158 anos mais tarde, a 3 de Janeiro de 2009, outro evento passou, por sua vez, despercebido, talvez de consequência histórica semelhante a essa troca, nas margens do Lago Michigan: a primeira moeda criptográfica, bitcoin, foi criada. Recorde-se que tinham passado pouco mais de três meses desde a falência da Lehman Brothers a 15 de Setembro de 2008, que desencadeou a crise financeira mais aguda desde 1930, uma crise causada por derivados (neste caso, hipotecas subprime).

A bitcoin nasceu na sequência da crise financeira mundial do final dos anos 2000. A 31 de Outubro de 2008, Satoshi Nakamoto (um pseudónimo) distribuiu um documento a uma pequena audiência de entusiastas da criptografia, ou seja, técnicas de protecção de mensagens utilizando chaves de encriptação, antes de o colocar online. Este «Livro Branco» lança as bases de um sistema de moeda electrónica, cuja particularidade é que não requer um emissor centralizado ou qualquer terceiro de confiança para validar as trocas. Por outras palavras, o documento propõe a criação de uma moeda, bitcoin, sem banco central e sem intermediários financeiros, garantindo o anonimato quase total das trocas.

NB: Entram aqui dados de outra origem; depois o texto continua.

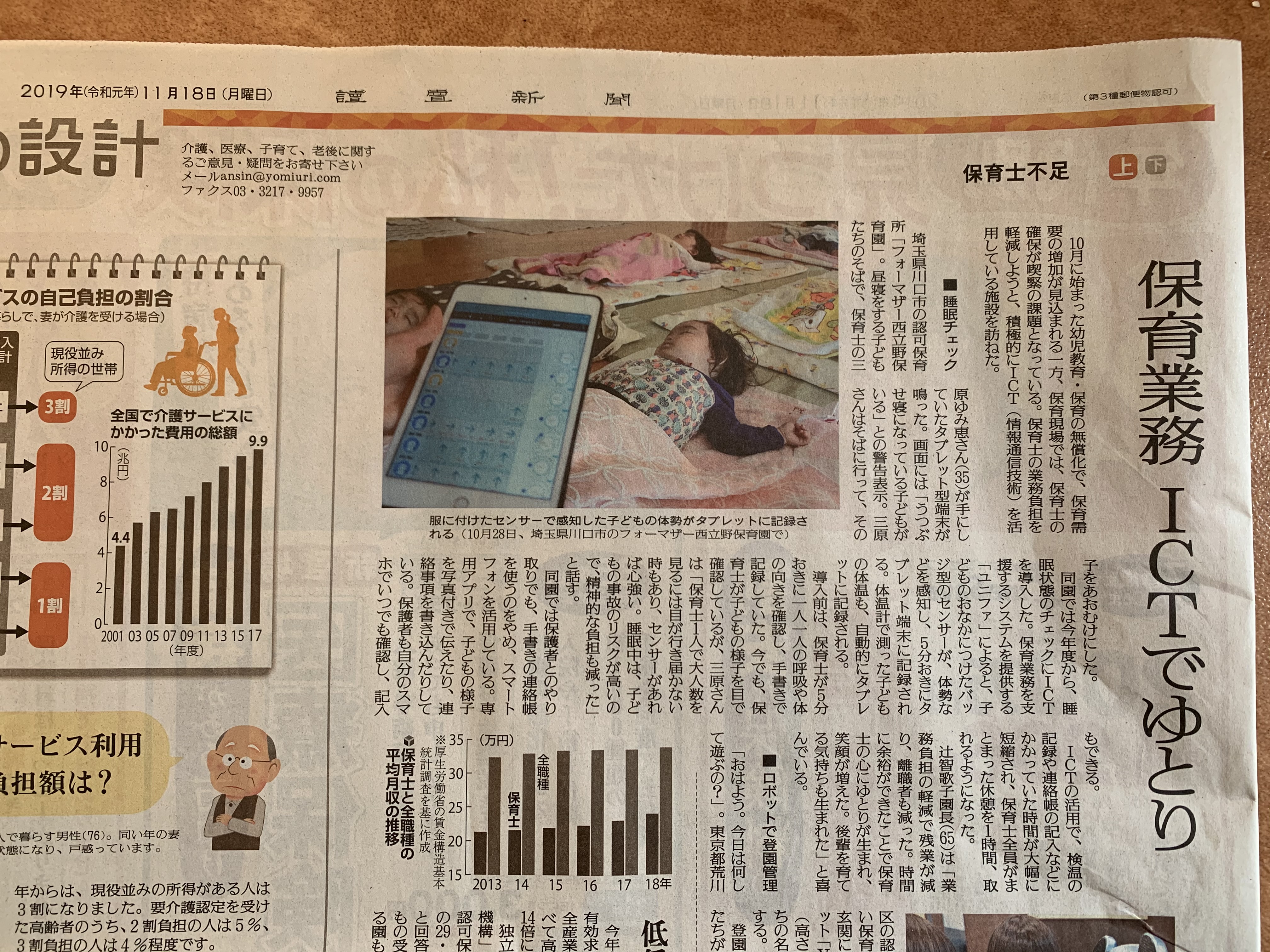 現在当園で取り組んでいるIoT、AI等を活用した「スマート保育園」について、読売新聞の取材を受け、今朝(2019/11/18)の朝刊に掲載されました!

Para o fazer, a bitcoin depende de uma «cadeia de blocos» (blockchains): um registo global grande, descentralizado e público de todas as transacções na moeda criptográfica. Os blocos são como páginas, registando até duas mil transacções. A validade das centenas de milhares de transacções efectuadas todos os dias é assegurada por um processo criptográfico único, que envolve computadores de todo o mundo. Poder-se-ia resumir este processo complexo sugerindo que a validação de cada novo bloco ligado à cadeia exige um «esforço» informático considerável – e portanto também um gasto de energia ligado ao consumo dos computadores necessários para as operações. Quando um participante – o termo «mineiro» é utilizado para designar estes indivíduos e, mais frequentemente, estas estruturas mais ou menos oficiais que reúnem centenas de computadores – consegue fazê-lo, é-lhe atribuída uma quantidade específica de bitcoins.

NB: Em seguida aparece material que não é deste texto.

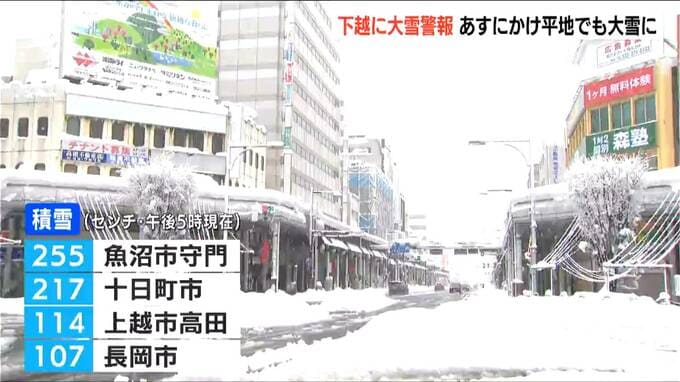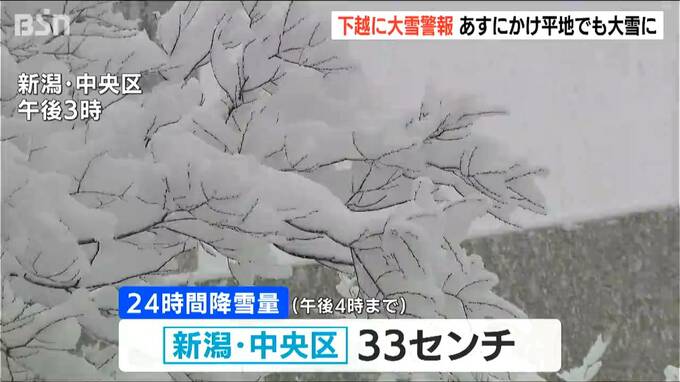 新潟県内は25日にかけ平地でも大雪となる見込みで、25日午後5時半現在、新潟と新発田、五泉地域に大雪警報が出されています。

Isto significa que não existem intermediários financeiros – tais como bancos – para garantir a integridade do sistema de pagamentos, e nenhum banco central. A criação de dinheiro é automática: é limitada à remuneração dos «mineiros». Também é limitada. É criado um bloco aproximadamente a cada dez minutos na escala da rede, e a recompensa associada é reduzida para metade a cada 210 mil blocos. A produção de dinheiro diminui com o tempo, com o entendimento de que a quantidade máxima de bitcoins em circulação foi limitada a 21 milhões pelos seus criadores (o que não é o caso de todas as moedas criptográficas). Em Novembro de 2021, era de pouco menos de 19 milhões.

Esta operação coloca imediatamente dois problemas de escala: por um lado, o número de transacções registadas em cada bloco é limitado, o que restringe o número de operações diárias possíveis (a título de comparação, no início de Janeiro de 2021, o bitcoin atingiu um recorde de quatrocentas mil transacções por dia, enquanto que as dos cartões bancários Visa atingiram várias centenas de milhões); por outro lado, a quantidade de energia necessária para o funcionamento desta moeda digital cresce consideravelmente com a dimensão da rede e a intensificação da concorrência entre «mineiros».

Que a criação da primeira moeda completamente virtual da história passou despercebida é compreensível: o planeta tinha, no meio da crise financeira, mais lenha para se queimar. Mas a ausência de reflexão política sobre este novo produto financeiro tornou-se cada vez mais inexplicável à medida que o número de moedas criptográficas aumentava, e à medida que a sua capitalização as transformava num novo ramo das finanças globais. Segundo a CoinMarketCap, em 16 de Novembro existiam 14 289 divisas criptográficas. O capital total das empresas que as criaram ultrapassa os 2,6 mil milhões de dólares: O valor da bitcoin é de 1,138 mil milhões de dólares, enquanto o do Ethereum é de 503 mil milhões de dólares. Num editorial de Setembro, The Economist observou que o volume de transacções supervisionadas apenas pelo Ethereum no segundo trimestre deste ano ascendeu a 2.500 mil milhões de dólares, o que equivale ao valor das transacções trimestrais da Visa a nível mundial.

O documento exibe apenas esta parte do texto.